1. 背景
Amazon EMR 团队最近发表了一篇很不错的文章展示了对数据进行聚簇是如何提高查询性能的,为了更好地了解发生了什么以及它与空间填充曲线的关系,让我们仔细研究该文章的设置。
文章中比较了 2 个 Apache Hudi 表(均来自 Amazon Reviews 数据集):
- 未聚簇的 amazon_reviews 表(即数据尚未按任何特定键重新排序)
- amazon_reviews_clustered 聚簇表。当数据被聚簇后,数据按字典顺序排列(这里我们将这种排序称为线性排序),排序列为
star_rating、total_votes两列(见下图)
为了展示查询性能的改进,对这两个表执行以下查询:
这里要指出的重要考虑因素是查询指定了排序的两个列(star_rating 和 total_votes)。但不幸的是这是线性/词典排序的一个关键限制,如果添加更多列,排序的价值会会随之减少。
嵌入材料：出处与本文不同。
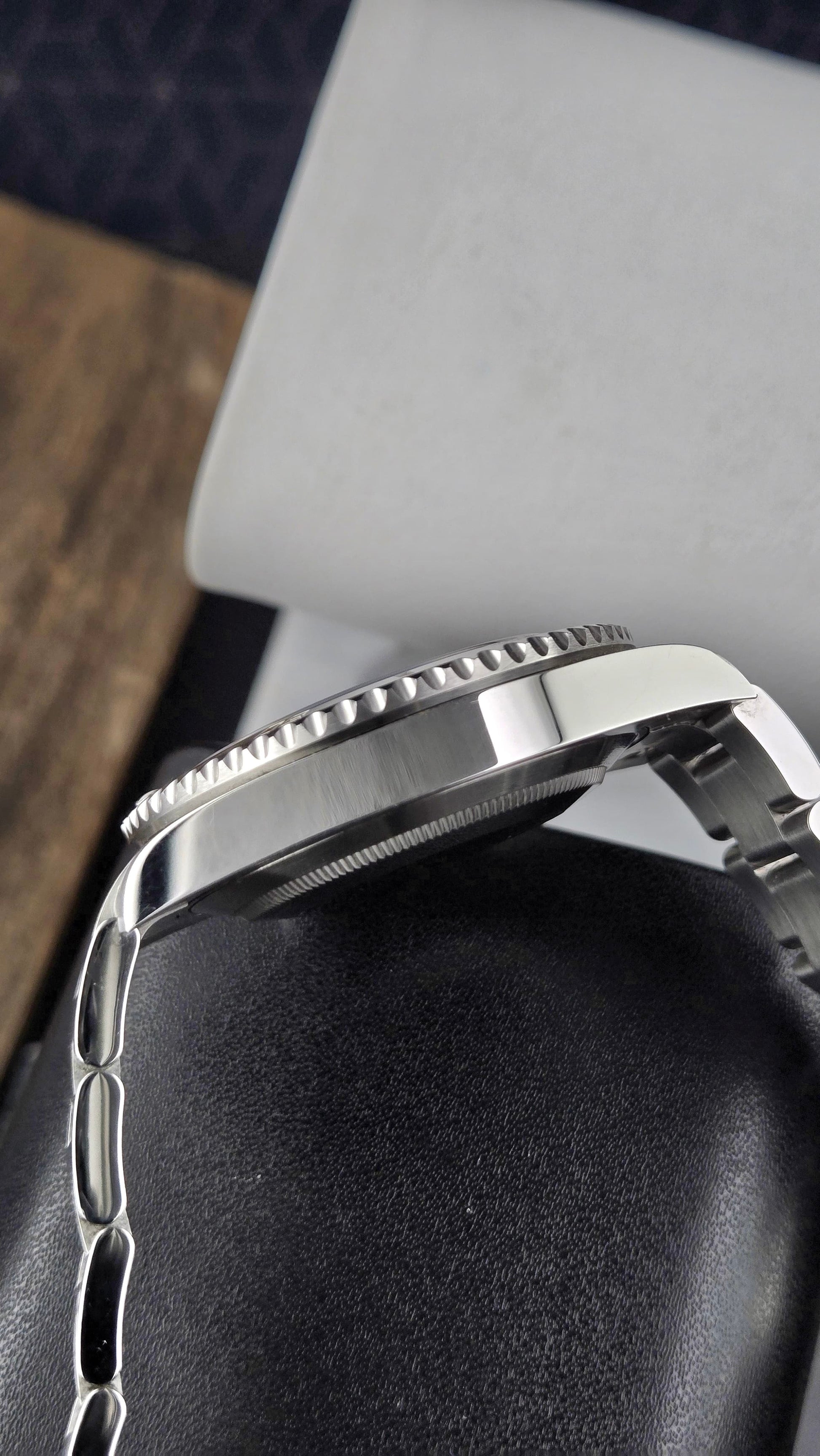 It includes all boxes and papers including warranty card, booklets, white tag, all links, and bezel protector.

从上图可以看到,对于按字典顺序排列的 3 元组整数,只有第一列能够对所有具有相同值的记录具有关键的局部性属性:例如所有记录都具有以“开头的值” 1"、"2"、"3"(在第一列中)很好地聚簇在一起。但是如果尝试在第三列中查找所有值为"5"的值,会发现这些值现在分散在所有地方,根本没有局部性,过滤效果很差。
提高查询性能的关键因素是局部性:它使查询能够显着减少搜索空间和需要扫描、解析等的文件数量。
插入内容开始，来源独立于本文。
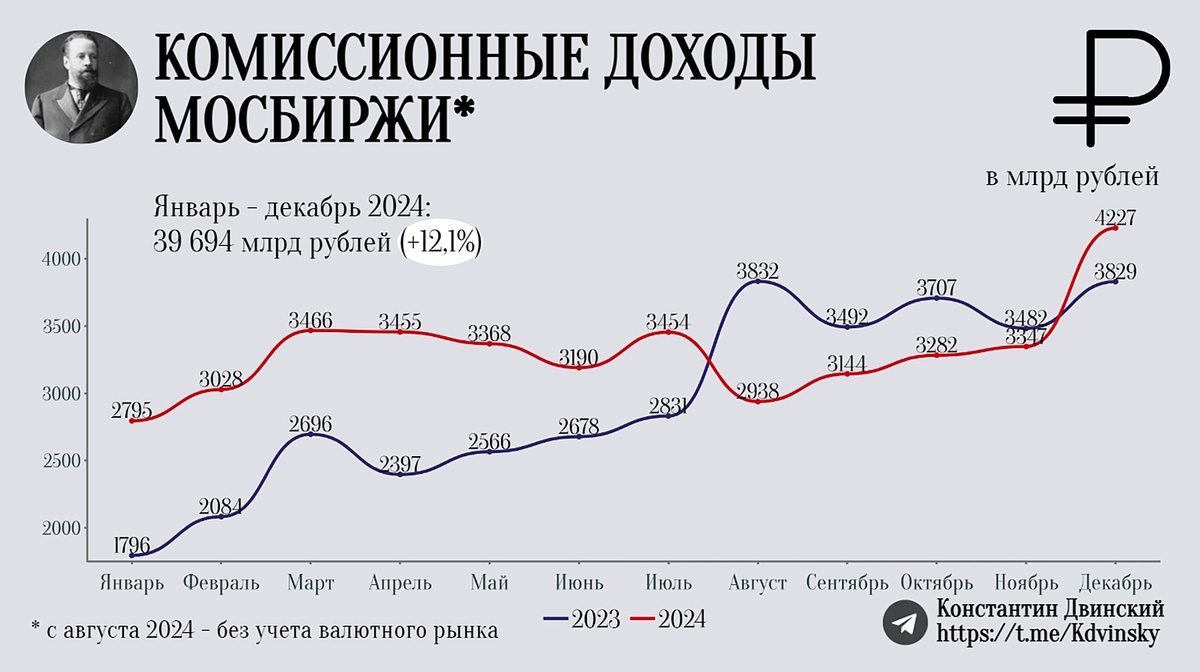 В декабре комиссионные доходы Мосбиржи прилично выросли. Только по опубликованным операционным результатам они составили около 4,2 млрд рублей, что на 10,4% больше декабря 2023 года. Притом, что тогда еще в полной мере работал валютный рынок. Такое стало возможным благодаря последней неделе торгов, когда из-за решения ЦБ оставить ключевую ставку в 21% произошло новогоднее ралли как рынке акций, так и на рынке облигаций. К слову, в начале января высокие объемы торгов также имеют место. Вкупе с сохранением высоких процентных ставок (процентные доходы) Мосбиржа по итогам 2025 года может выйти на рекордные финансовые результаты. Впрочем, это было бы интересно, но компания стоит дороговато – 471 млрд рублей на настоящий момент. Притом, что на рынке сохраняется достаточное количество дешевых и перепроданных историй. Не знаю, почему, но Мосбиржа всегда стоила либо справедливо, либо слишком дорого. К тому же, такие высокие процентные доходы – явно не долгосрочная вещь, закладывать которую на 2

但是这是否意味着如果我们按表排序的列的第一个(或更准确地说是前缀)以外的任何内容进行过滤,我们的查询就注定要进行全面扫描?不完全是,局部性也是空间填充曲线在枚举多维空间时启用的属性(我们表中的记录可以表示为 N 维空间中的点,其中 N 是我们表中的列数)
那么它是如何工作的?我们以 Z 曲线为例:拟合二维平面的 Z 阶曲线如下所示:
可以看到按照路径,不是简单地先按一个坐标 ("x") 排序,然后再按另一个坐标排序,它实际上是在对它们进行排序,就好像这些坐标的位已交织成单个值一样:
在线性排序的情况下局部性仅使用第一列相比,该方法的局部性使用到所有列。
以类似的方式,希尔伯特曲线允许将 N 维空间中的点(我们表中的行)映射到一维曲线上,基本上对它们进行排序,同时仍然保留局部性的关键属性,在此处阅读有关希尔伯特曲线的更多详细信息,到目前为止我们的实验表明,使用希尔伯特曲线对数据进行排序会有更好的聚簇和性能结果。
现在让我们来看看它的实际效果!
2. 设置
我们将再次使用 Amazon Reviews 数据集,但这次我们将使用 Hudi 按 product_id、customer_id 列元组进行 Z-Order排序,而不是聚簇或线性排序。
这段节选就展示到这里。